To generate whole chromosome estimates of ploidy for each cell, a weighted average copy number (weighted by bin size) was applied to the inferred copy number output from Ginkgo for each chromosome. Next, diploid, early-passage fibroblasts were used to generate an “expected” proportion of reads that map to each human chromosome. The proportions for each chromosome were assumed to follow a Gaussian distribution. The “observed” proportion of reads that mapped to each chromosome within each mock cell were compared against the distribution of the “expected” proportion of reads for a given chromosome. We tested the possibility of extreme deviations on either side of this “expected” distribution and used a two-tailed z-score significance test (combined with the resulting p-value) to test for deviation in expected ploidy.

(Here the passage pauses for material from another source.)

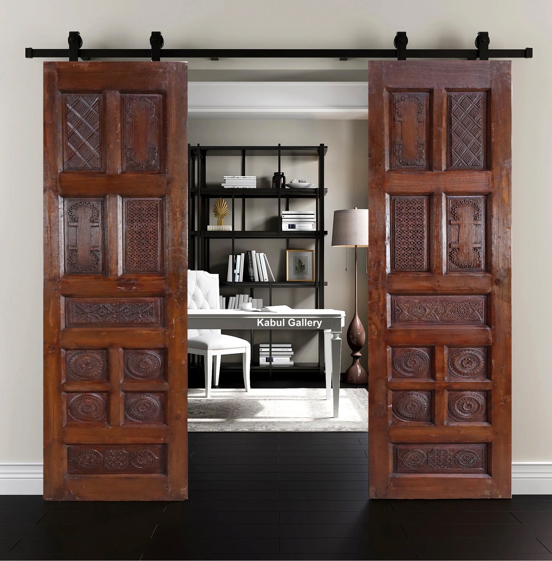 200x100 Cm Vintage Orient Solid Wood Handmade Hand Carved Sliding Door ...

Chromosomes in mock samples that had a significantly greater proportion of reads mapped to a chromosome (relative to “expected”) were called as a chromosomal gain, and chromosomes in mock samples that had a significantly fewer proportion of reads mapped to a chromosome were called as a chromosomal loss.

All cells were analyzed with different Ginkgo parameters: global (normalized read counts) versus independent normalization (sample with lowest IOD = the ratio between the read coverage variance and the mean) and fixed or variable bin size of 500Kb, 1 Mb, 2.5 Mb and 10 Mb for a total of 14 different Gingko settings tested.

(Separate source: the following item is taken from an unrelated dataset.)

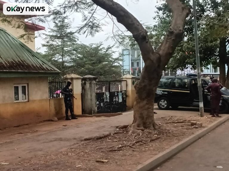 Okay News reports that journalists who visited the secretariat in Utako, a district in Abuja, saw armed police officers stationed within and around the premises.

For our analysis, we selected the 2.5 Mb variable window size with global normalization (setting #9). Gingko settings #1–5 performed slightly better in terms of correct aneuploidy calls, but they also called false positive chromosome gains or losses in the mock aneuploidy conditions or in the trisomic diploid cells. Ploidy number was assigned based on the lowest sum of squares error across continuous putative copy number state space. The near second best ploidy state was also incorrect in the majority of cases (with the exception being our chosen condition #9), in which the correct ploidy sum of squares was higher than the second best option.

qPCR on single cells

To further examine the differences in amplification of senescent cells vs proliferating cells we performed qPCR as listed above on 10 more proliferating and senescence single cells as well as five trisomy 21 cells. A student’s t-test was used to determine significant differences at each cycle between proliferating and senescent cells. One proliferating cell was not used in this analysis because it was determined to be an outlier by Grubb’s test (GraphPad Software).

All sequencing data are publicly available through the Sequence Read Archive (SRA34) under study ID: PRJNA487805 “scL-WGS of proliferative and senescent cells”.